Would we be back on speaking terms with the EU, and trying to reverse some of the financial pain Brexit has caused? Would we reconsider freedom of movement to ease the labour shortage? Would we stop trying to send refugees to Rwanda and erase that awful stain on the national character? Would we at least recognise that a pay rise to bust inflation isn’t the first step to anarchy, and anything less is a pay cut? Would we recognise that going on strike is a powerful collective act, not a needless inconvenience caused by pests?
The Labour leader would prefer not to say. Although as it emerged at the weekend that Keir Starmer’s forthcoming speech on immigration will rule out freedom of movement, maybe it’s less depressing when he can’t decide. But it is all pretty depressing.
Anyone who thinks they can explain the party’s general timidity on this issue by analysing this leader, with this team, in this context, has a very short memory. Labour has a rich history of rolling over, especially on issues of race, immigration and asylum. It was Tony Blair who barred asylum seekers from working and created a cycle of destitution that persists. Who could forget Ed Miliband’s “controls on immigration” mug (certainly not me, as I still own one. I use it to drink bitter herbs, while doing incantations), or Harriet Harman’s decision to ask Labour MPs to abstain on welfare cuts, while furiously castigating Tory welfare cuts? Who could forget Gordon Brown’s “British jobs for British workers” in 2007, a phrase lifted straight from the National Front, which he always claimed never to regret, and yet we all knew was miles away from what he believed? Even Jeremy Corbyn and Diane Abbott, who were initially so good at tackling rightwing narratives head-on, faltered on the immigration bill in 2019, whipping their MPs to abstain before a backbench rebellion forced them to oppose it.
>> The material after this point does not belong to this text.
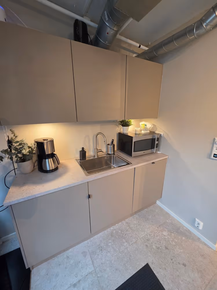 Hos oss finner du alt du trenger for å gjennomføre effektive møter – et fullt utstyrt møterom med moderne presentasjonsteknologi, raskt og stabilt nettverk, samt tilgang til et hyggelig kjøkken. I tillegg kan du slappe av eller ta uformelle samtaler i vårt koselige sofaområde, som gir rom for gode ideer og inspirasjon.

People often blame Labour’s focus-group culture for its failure to fully oppose xenophobia. The mainly unspoken assumption is that regular British people, from the “red wall” to “Waitrose woman”, are fundamentally a bit racist – nothing wild, mind, just enough to frighten them off any politician who has any fundamental and unyielding anti-racist values. In fact, I think the exact opposite is true: every poll on everything, from voting intentions to word clouds, suggests that people are crying out to hear some real values. Even if they don’t agree with them, they would prefer to hear someone say them out loud. That’s what they mean when they call Starmer “boring” – they don’t mean, “Wouldn’t it be great if he was a bit sillier, and got stuck on a zip-line, or had some interesting hobby, like ballroom dancing?” They mean, “Tell us what you actually stand for.”
I don’t even think focus groups are the problem. A more fundamental assumption has been dogging the party for decades: that if you appease the rightwing press enough, dodge the thornier issues carefully and skirt round ideological differences, it won’t come after you, and it will give your programme a fair hearing. The opposite is true and, after all this time, for any politician not to have noticed that is unforgivable.
If a leader fails to oppose xenophobic policy ideas, the press will merely find a front-bench colleague who does, then make hay over the party’s “divisions”. Or it will dig out his previous speeches, from back when he had a spine, and laugh at the inconsistency. It doesn’t matter how much you roll over to the Mail or the Express – you’ll always be the same old leftie, only now you’re a lying leftie.
There is no sophisticated formula, no elegant alternative to saying who you are.